WHAT YOU ARE ASKED TO DO: Each entry should be given again exactly, with any image left out.

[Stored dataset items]
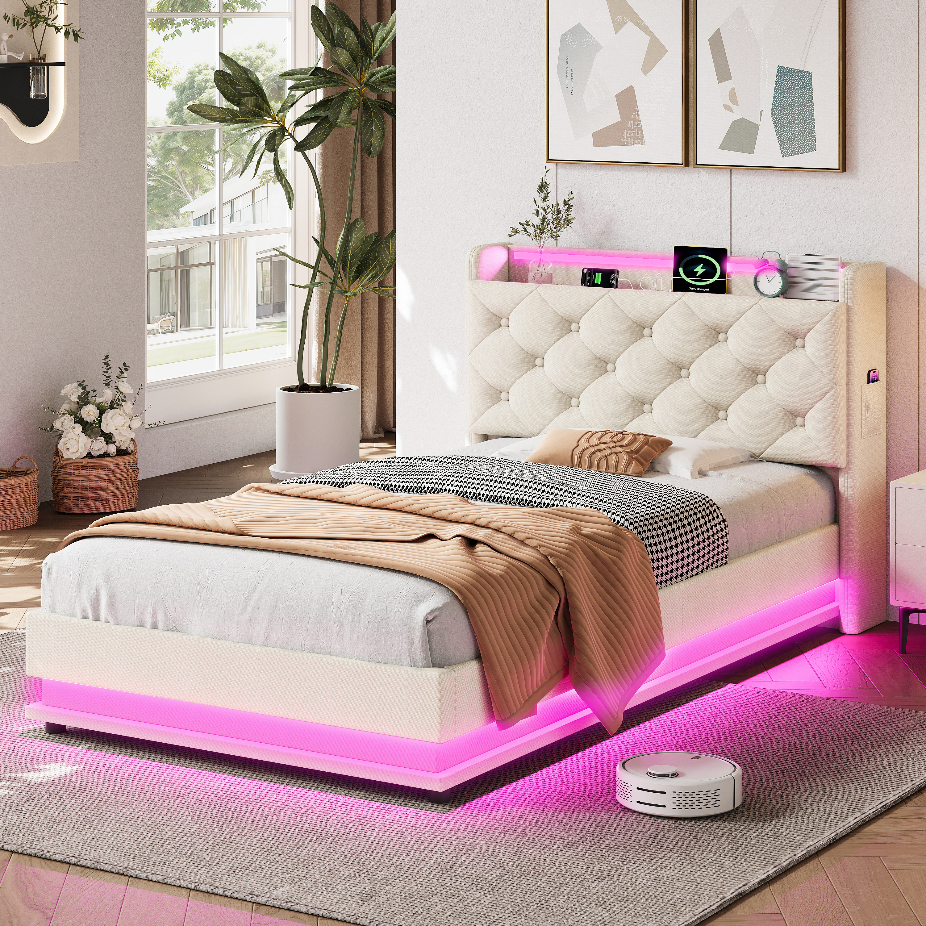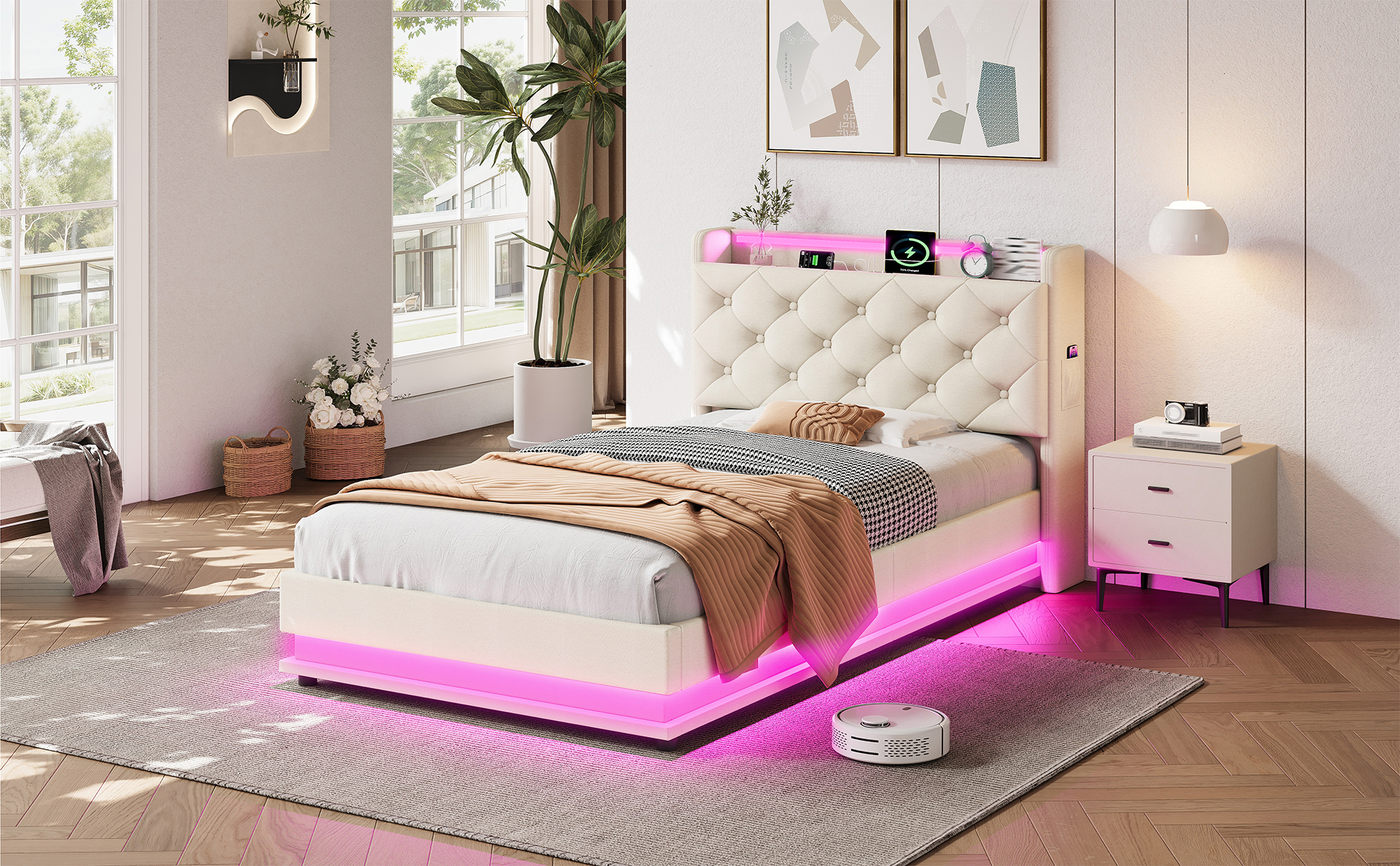 • [RGB LED Lighting Strip] The headboard and around the bed base of the bed are equipped with RGB lights that can be controlled via mobile app. You can set the brightness and color freely, and there are also control modes such as style mode, music mode, microphone mode and timing function for you to explore. You can design a unique light show according to your own preferences.
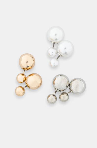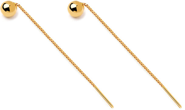 Eredeti fülbevaló, amely láncos kivitelezésével és szilárd végződésével kelti fel a figyelmet, amelyet át kell fűzni a fül lyukán. Apró, arany golyók díszítik, amelyek bármilyen alkalomkor sikert aratnak. Az arany felülete magasfokú polírozással kezelt.
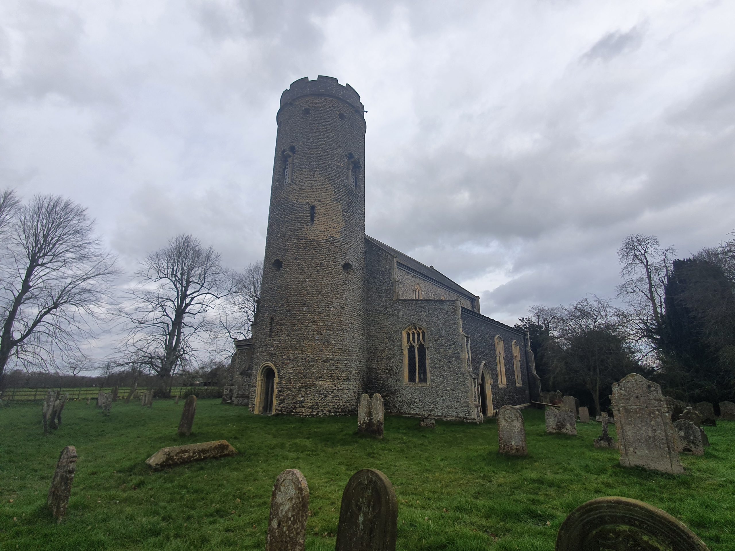 What is clearly evident when approaching this stone tower is that it’s remarkable, and very different to other round towers in Norfolk. There are Saxon windows visible within it, there’s a Norman style door at the base and it doesn’t look overly repaired. Indeed, this tower dates from around 1000AD (that’s what the church think, other historians place it a bit later, but I like the church’s guess), making it over 1,000 years old, another remarkable survival. This heritage means this is one of the best preserved Saxon round towers in the entire country, with the church noting there’s an old medieval staircase inside that can be viewed by appointment.
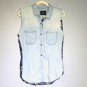 Rails Plaid Tencel Denim Sleeveless Front Pocket Top
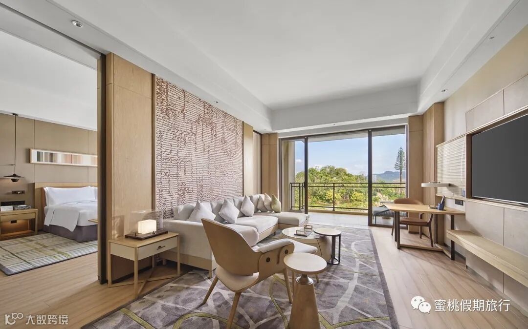陵水碧桂园希尔顿逸林温泉酒店拥有138间逸林客房,使用面积超40㎡,独立阳台及落地窗,能最大限度引景入室,阳台配备躺椅沙发,小茶几,所有房间朝向均坐南朝北,可静静仰躺在阳台上独揽热带园林及山丘景色。
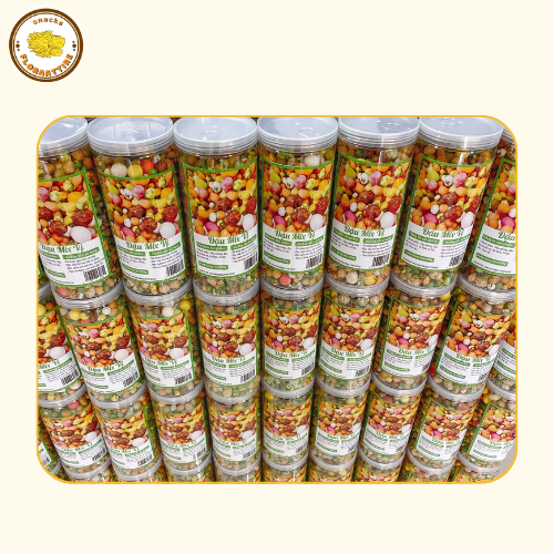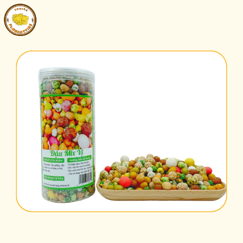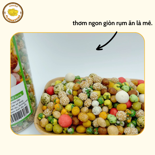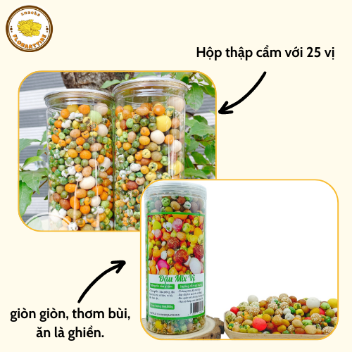 HẠT ĐẬU MIX CÁC VỊ: thơm ngon giòn rụm ăn là mê. Người lớn hay trẻ con đều thích, lại đủ chất dinh dưỡng nữa nhé Hộp thập cẩm với 25 vị , giòn giòn, thơm bùi, ăn là ghiền đấy ạ. Thành phần: Đậu phộng, đậu hà lan, bột mì, mè trắng, tỏi, ớt.... Trọng lượng: 500gr (tính cả bao bì) Hạn sử dụng: 3 tháng kể từ ngày sản xuất Bảo quản: Để nơi thoáng mát, tránh nắng. Đậy kín, bảo quản lạnh với đồ tươi. Lưu ý khi dùng:Rửa tay sạch, tránh ăn bằng tay trực tiếp. Ngưng sử dụng nếu có mùi lạ hoặc hư hỏng. Công dụng của đồ ăn vặt: Giảm đói, duy trì năng lượng, tránh tụt mood giữa giờ học/làm. Tăng hiệu suất tập trung nhờ một số món bổ não như hạt, socola. Giải tỏa căng thẳng, tạo cảm giác vui vẻ, thư giãn. Gắn kết tình bạn, dễ chia sẻ, dễ bắt chuyện. Bổ sung dinh dưỡng nếu chọn món lành mạnh như hạt, sữa chua, rong biển. Bảo hành – Đổi trả: Đổi hàng miễn phí trong 2 ngày nếu sản phẩm bị hư, giao sai, thiếu món (có video/ảnh kèm). Không áp dụng đổi trả nếu lý do là không hợp khẩu vị hoặc bảo quản sai cách. Chăm sóc khách hàng: Tư vấn tận tình, hỗ trợ nhanh chóng qua Fanpage. Ưu đãi cho khách quen: freeship, tặng topping, voucher. Luôn lắng nghe góp ý và xử lý khiếu nại có tâm.
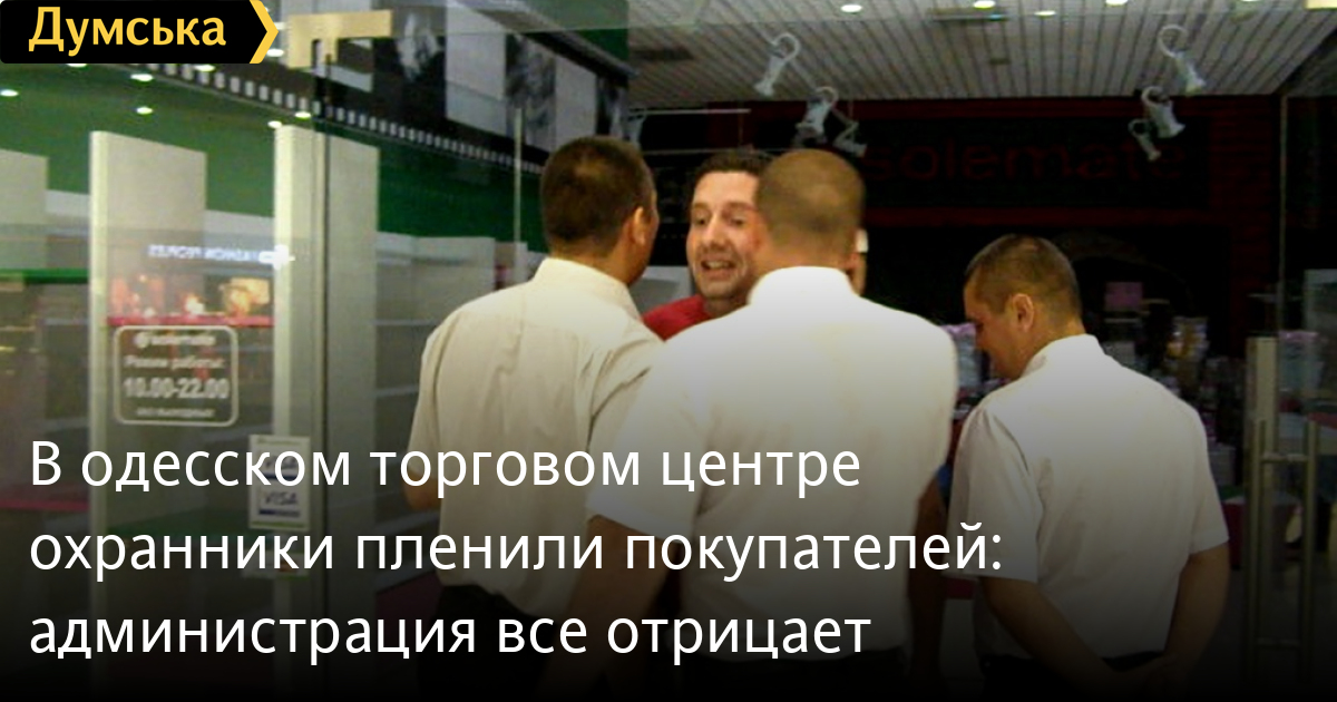 В одесском торговом центре охранники пленили покупателей: администрация все отрицаетВ редакцию «Думском» прислали три видеоролика, на которых запечатлено, как в одном из магазинов торгово-развлекательного комплекса «Ривьера» охранники пытаются силой задержать покупателей. Мы связались с автором видео. Им оказался адвокат Анатолий Федоров, который в настоящее время представляет интересы владельцев магазина в суде против руководства ТРЦ. По его словам, предприниматели арендуют в «Ривьере» помещение, руководство последней решило, что арендаторы задолжали и зачем-то втянуло в спор покупателей. Трое охранников заблокировали двери магазина и отказывались выпускать людей с купленным товаром. На вопрос корреспондента, почему полки магазина пусты, юрист ответил: «Там продавали обувь, дела шли не очень, они решили закрыться, свернулись и в тот день (5 июля, — Ред.)устроили финальную распродажу». Анатолий добавил, что оба покупателя – и мужчина, и женщина с ребенком — дождались приезда милиции и написали заявление. Владельцы же магазина через суд требуют расторжения договора с «Ривьерой». В администрации торгового центра информацию о том, что их охранники задерживали покупателей, не имея на то причин, опровергают. «Наша охрана отвечает за порядок в торговой галерее, а не в магазине. Магазин, если хочет, нанимает свою охрану. Если арендаторы задолжали, не имеют права торговать, но уходить не хотят, мы выключим им электричество, и то предупредим об этом заранее. А что касается данного магазина, то он вообще давно закрылся, помещение сдано другим людям, а финальная распродажа, если и была, то месяца четыре назад», — сказала менеджер Виктория. «Думская» готова опубликовать мнения других участников конфликта СМЕРТЬ РОССИЙСКИМ ОККУПАНТАМ! Заметили ошибку? Выделяйте слова с ошибкой и нажимайте control-enter |

WORKED SOLUTION:
 • [RGB LED Lighting Strip] The headboard and around the bed base of the bed are equipped with RGB lights that can be controlled via mobile app. You can set the brightness and color freely, and there are also control modes such as style mode, music mode, microphone mode and timing function for you to explore. You can design a unique light show according to your own preferences.
 Eredeti fülbevaló, amely láncos kivitelezésével és szilárd végződésével kelti fel a figyelmet, amelyet át kell fűzni a fül lyukán. Apró, arany golyók díszítik, amelyek bármilyen alkalomkor sikert aratnak. Az arany felülete magasfokú polírozással kezelt.
 What is clearly evident when approaching this stone tower is that it’s remarkable, and very different to other round towers in Norfolk. There are Saxon windows visible within it, there’s a Norman style door at the base and it doesn’t look overly repaired. Indeed, this tower dates from around 1000AD (that’s what the church think, other historians place it a bit later, but I like the church’s guess), making it over 1,000 years old, another remarkable survival. This heritage means this is one of the best preserved Saxon round towers in the entire country, with the church noting there’s an old medieval staircase inside that can be viewed by appointment.
 Rails Plaid Tencel Denim Sleeveless Front Pocket Top
陵水碧桂园希尔顿逸林温泉酒店拥有138间逸林客房,使用面积超40㎡,独立阳台及落地窗,能最大限度引景入室,阳台配备躺椅沙发,小茶几,所有房间朝向均坐南朝北,可静静仰躺在阳台上独揽热带园林及山丘景色。
 HẠT ĐẬU MIX CÁC VỊ: thơm ngon giòn rụm ăn là mê. Người lớn hay trẻ con đều thích, lại đủ chất dinh dưỡng nữa nhé Hộp thập cẩm với 25 vị , giòn giòn, thơm bùi, ăn là ghiền đấy ạ. Thành phần: Đậu phộng, đậu hà lan, bột mì, mè trắng, tỏi, ớt.... Trọng lượng: 500gr (tính cả bao bì) Hạn sử dụng: 3 tháng kể từ ngày sản xuất Bảo quản: Để nơi thoáng mát, tránh nắng. Đậy kín, bảo quản lạnh với đồ tươi. Lưu ý khi dùng:Rửa tay sạch, tránh ăn bằng tay trực tiếp. Ngưng sử dụng nếu có mùi lạ hoặc hư hỏng. Công dụng của đồ ăn vặt: Giảm đói, duy trì năng lượng, tránh tụt mood giữa giờ học/làm. Tăng hiệu suất tập trung nhờ một số món bổ não như hạt, socola. Giải tỏa căng thẳng, tạo cảm giác vui vẻ, thư giãn. Gắn kết tình bạn, dễ chia sẻ, dễ bắt chuyện. Bổ sung dinh dưỡng nếu chọn món lành mạnh như hạt, sữa chua, rong biển. Bảo hành – Đổi trả: Đổi hàng miễn phí trong 2 ngày nếu sản phẩm bị hư, giao sai, thiếu món (có video/ảnh kèm). Không áp dụng đổi trả nếu lý do là không hợp khẩu vị hoặc bảo quản sai cách. Chăm sóc khách hàng: Tư vấn tận tình, hỗ trợ nhanh chóng qua Fanpage. Ưu đãi cho khách quen: freeship, tặng topping, voucher. Luôn lắng nghe góp ý và xử lý khiếu nại có tâm.
 В одесском торговом центре охранники пленили покупателей: администрация все отрицаетВ редакцию «Думском» прислали три видеоролика, на которых запечатлено, как в одном из магазинов торгово-развлекательного комплекса «Ривьера» охранники пытаются силой задержать покупателей. Мы связались с автором видео. Им оказался адвокат Анатолий Федоров, который в настоящее время представляет интересы владельцев магазина в суде против руководства ТРЦ. По его словам, предприниматели арендуют в «Ривьере» помещение, руководство последней решило, что арендаторы задолжали и зачем-то втянуло в спор покупателей. Трое охранников заблокировали двери магазина и отказывались выпускать людей с купленным товаром. На вопрос корреспондента, почему полки магазина пусты, юрист ответил: «Там продавали обувь, дела шли не очень, они решили закрыться, свернулись и в тот день (5 июля, — Ред.)устроили финальную распродажу». Анатолий добавил, что оба покупателя – и мужчина, и женщина с ребенком — дождались приезда милиции и написали заявление. Владельцы же магазина через суд требуют расторжения договора с «Ривьерой». В администрации торгового центра информацию о том, что их охранники задерживали покупателей, не имея на то причин, опровергают. «Наша охрана отвечает за порядок в торговой галерее, а не в магазине. Магазин, если хочет, нанимает свою охрану. Если арендаторы задолжали, не имеют права торговать, но уходить не хотят, мы выключим им электричество, и то предупредим об этом заранее. А что касается данного магазина, то он вообще давно закрылся, помещение сдано другим людям, а финальная распродажа, если и была, то месяца четыре назад», — сказала менеджер Виктория. «Думская» готова опубликовать мнения других участников конфликта СМЕРТЬ РОССИЙСКИМ ОККУПАНТАМ! Заметили ошибку? Выделяйте слова с ошибкой и нажимайте control-enter |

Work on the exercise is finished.